O morticínio em curso no Brasil não se compreende por nenhuma das teses com que, a partir de cálculos viciados e da pseudociência social burguesa de matriz estadunidense, intelectuais orgânicos do sistema tentam explicá-lo. Este artigo não desvenda os mecanismos que impelem parte das massas empobrecidas à autofagia, mas desmente mistificações em voga, sopesa elementos importantes e aponta causas profundas.
Juventude – No estudo Efeito da mudança demográfica sobre a taxa de homicídios no Brasil, publicado em 2015, Daniel Cerqueira, diretor do IPEA no governo da senhora Roussef, e Rodrigo Leandro de Moura, da Fundação Getúlio Vargas (FGV), dizem que um quarto do crescimento dos assassinatos entre 1991 e 2000 e metade entre 2000 a 2010 se devem à existência de jovens do sexo masculino no Brasil (em outros países, ou não há homens, ou eles saltam da infância à maturidade...).
Cerqueira e Moura admitem nada saber sobre os autores dessas mortes – nem poderiam, pois a estimativa mais otimista sobre elucidação de homicídios no Brasil diz que, em 80% dos casos, nem se chega a ter um suspeito. Mas como 92% das vítimas entre 2005 e 2015 eram homens entre 15 e 29 anos, deduzem que os assassinos também são e que a quantidade de homicídios varia em função do peso relativo desse segmento populacional.
Um dado que consta de seu próprio estudo os desmente: no período analisado (1991-2010), enquanto a taxa de homicídios cresceu 30%, o peso relativo do segmento masculino entre 15 e 29 anos sobre a população brasileira diminuiu levemente e o da fração de 15 a 23 (considerada a mais perigosa na literatura estadunidense em que se baseiam) despencou.

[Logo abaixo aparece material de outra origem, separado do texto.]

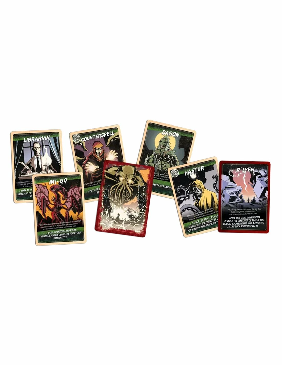 If you draw a Cthulhu card, you must play it immediately, and if you can’t pass it to another player or get it back into the deck, you lose the game (and Cthulhu destroys the earth, so basically everybody loses, but you die first, so there is that)!
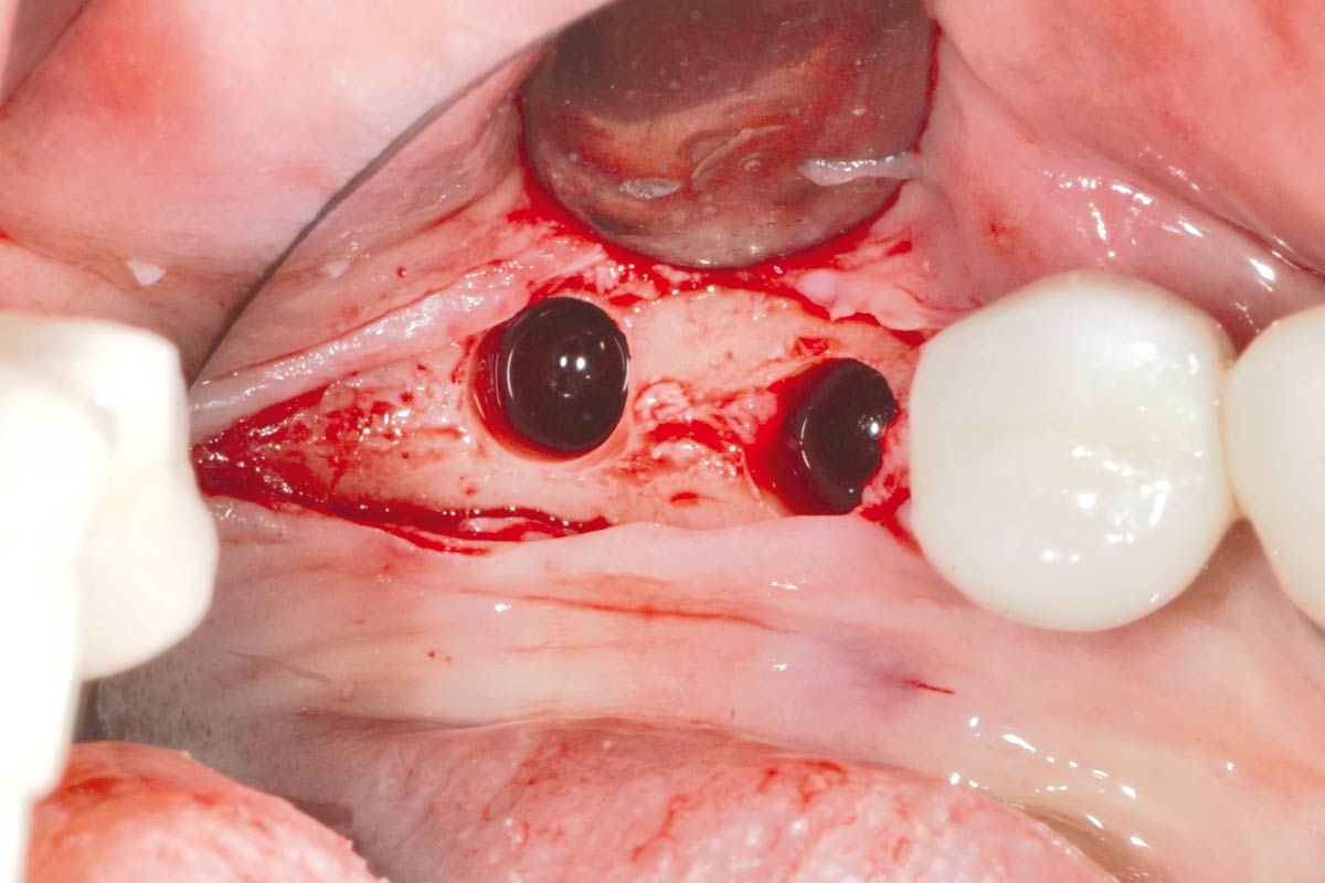 Bone defect in area 11-21 due to two lost implants (periimplantitis) after 15 years of function
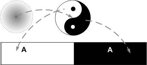 Однако, несмотря на то, что символ Инь-Ян выглядит плоским, по сути он точечный и отражает две полярности, присутствующие в каждой отдельно взятой точке. Иными словами, любая черная точка, со временем обязательно инвертируется в белую. Если переходить от точки к линии, поверхности и пространству, этот же символ можно было бы отобразить в виде метафор, которые находятся у всех на виду: клавиши рояля, шахматная доска и футбольный мяч.
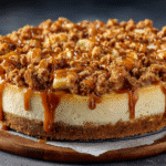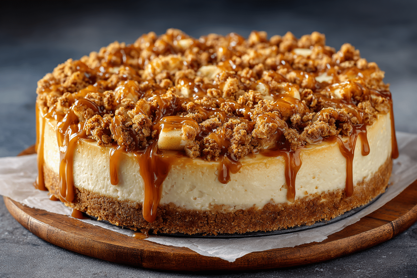 A creamy cheesecake layered with tender cinnamon apples and a golden oat crumble topping — the perfect fusion of cheesecake and apple crisp.
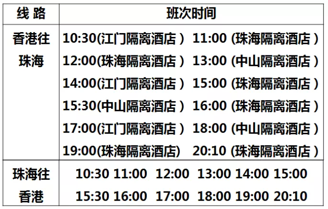 香港至珠海班次恢復服務後,每天共有12個班次,最早一班為上午10點半,最晚一點為晚上8點10分。每個班次的乘客會被分往江門、珠海、中山的隔離酒店(詳情見上圖)。
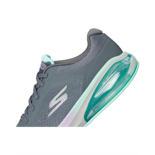 Stride in air-cushioned comfort with Skechers Performance GO WALK Air 3.0. This athletic bungee sneaker features an engineered mesh upper, fabric lining, breathable Skechers Air-Cooled Goga Mat insole, and visible Skech-Air midsole. Featuring round toe design, lace-up closure, and brand logo detailing.
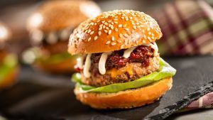 - Montreal-style Burger Slider featuring IMPOSSIBLE Beef with plant-based cheddar, tomato jam, bibb lettuce, and plant-based garlic aïoli on a sesame seed bun (Plant-based)
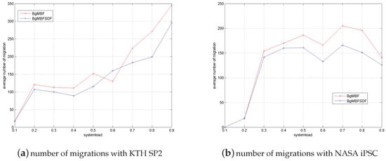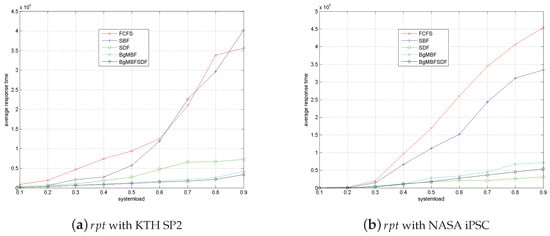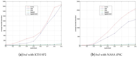 - SDF outperforms BgMBFSDF and BgMBF on average response time for NASA-iPSC, while obtains the worst performance among them for KTH-SP2. Compared with BgMBF, the performance improvement on of BgMBFSDF is also more significant for NASA-iPSC than that for KTH-SP2. The differences above are caused by the different characteristics of these two workloads. In Table 1, it can be seen that the average job runtime for KTH-SP2 and NASA-iPSC is 72.4 min and 10.4 min, respectively. Accordingly, the advantage of SDF is more significant for NASA-iPSC, as more jobs with short duration can be finished before next arriving job comes. For BgMBFSDF strategy, more jobs with smaller duration means more jobs can be finished in advanced through backfilling without migration.

Não há um só indício de correlação – muito menos causalidade – entre quantidades relativas de homens jovens e de assassinatos. Ao contrário: no Brasil, a matança é simultânea ao envelhecimento da sociedade. De 1960 a 2015, a média de filhos por mulher cai de 6 para 1,7 e a expectativa de vida sobe de 48 para 75,5 anos (dados do IBGE). De 1980 (quando começa a haver estatísticas de homicídios e os nascidos em 1960 tinham 20 anos) a 2015, os assassinatos sobem de 11,4 para quase 30 por 100 mil habitantes.
A única conclusão que isso permite é a que li na Argentina como palavra de ordem e se aplica ao Brasil como constatação científica: os meninos não são perigosos, estão em perigo.
Famílias – Em 2009, a FGV conferiu o grau de doutor em Economia a Gabriel Chequer Hartung por seus Ensaios em Demografia e Criminalidade. Com a chancela de seu orientador, Samuel Pessôa, ele diz que a proporção de famílias monoparentais com crianças de 5 a 15 anos num determinado tempo e local se reflete na taxa de assassinatos 10 anos depois, quando elas têm entre 15 e 25.
Sem demonstrar ou sequer descrever a relação de causa e efeito sem a qual essa coincidência numérica verificada em alguns lugares é só ilusão de ótica, Hartung conclui que filhos de mães sozinhas têm maior propensão a matar e que a criminalidade violenta se reduziria pelo aborto eugênico deles (não prega explicitamente sua eliminação após nascidos, mas para bom entendedor...).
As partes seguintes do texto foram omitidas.